At the time that the "First Draft" report was circulated, Turing was producing a report entitled Proposed Electronic Calculator. It described in engineering and programming detail, his idea of a machine he called the Automatic Computing Engine (ACE). He presented this to the executive committee of the British National Physical Laboratory on February 19, 1946. Although Turing knew from his wartime experience at Bletchley Park that what he proposed was feasible, the secrecy surrounding Colossus, that was subsequently maintained for several decades, prevented him from saying so. Various successful implementations of the ACE design were produced.

Both von Neumann's and Turing's papers described stored-program computers, but von Neumann's earlier paper achieved greater circulation and the computer architecture it outlined became known as the "von Neumann architecture". In the 1953 publication Faster than Thought: A Symposium on Digital Computing Machines (edited by B. V. Bowden), a section in the chapter on Computers in America reads as follows:

The Machine of the Institute For Advanced Study, Princeton

In 1945, Professor J. von Neumann, who was then working at the Moore School of Engineering in Philadelphia, where the E.N.I.A.C. had been built, issued on behalf of a group of his co-workers, a report on the logical design of digital computers. The report contained a detailed proposal for the design of the machine that has since become known as the E.D.V.A.C. (electronic discrete variable automatic computer). This machine has only recently been completed in America, but the von Neumann report inspired the construction of the E.D.S.A.C. (electronic delay-storage automatic calculator) in Cambridge (see p. 130).

In 1947, Burks, Goldstine and von Neumann published another report that outlined the design of another type of machine (a parallel machine this time) that would be exceedingly fast, capable perhaps of 20,000 operations per second. They pointed out that the outstanding problem in constructing such a machine was the development of suitable memory with instantaneously accessible contents. At first they suggested using a special vacuum tube—called the "Selectron"—which the Princeton Laboratories of RCA had invented. These tubes were expensive and difficult to make, so von Neumann subsequently decided to build a machine based on the Williams memory. This machine—completed in June, 1952 in Princeton—has become popularly known as the Maniac. The design of this machine inspired at least half a dozen machines now being built in America, all known affectionately as "Johniacs".
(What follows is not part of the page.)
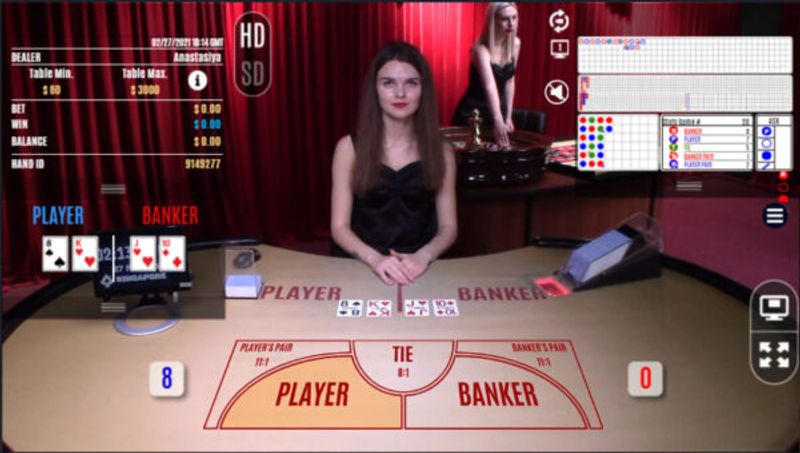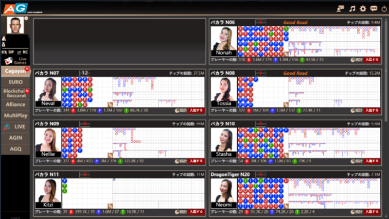 オーソドックスなバカラ、手数料なしのバカラ、ドラゴンタイガーをプレイできます。

In the same book, the first two paragraphs of a chapter on ACE read as follows:

Automatic Computation at the National Physical Laboratory

One of the most modern digital computers which embodies developments and improvements in the technique of automatic electronic computing was recently demonstrated at the National Physical Laboratory, Teddington, where it has been designed and built by a small team of mathematicians and electronics research engineers on the staff of the Laboratory, assisted by a number of production engineers from the English Electric Company, Limited. The equipment so far erected at the Laboratory is only the pilot model of a much larger installation which will be known as the Automatic Computing Engine, but although comparatively small in bulk and containing only about 800 thermionic valves, as can be judged from Plates XII, XIII and XIV, it is an extremely rapid and versatile calculating machine.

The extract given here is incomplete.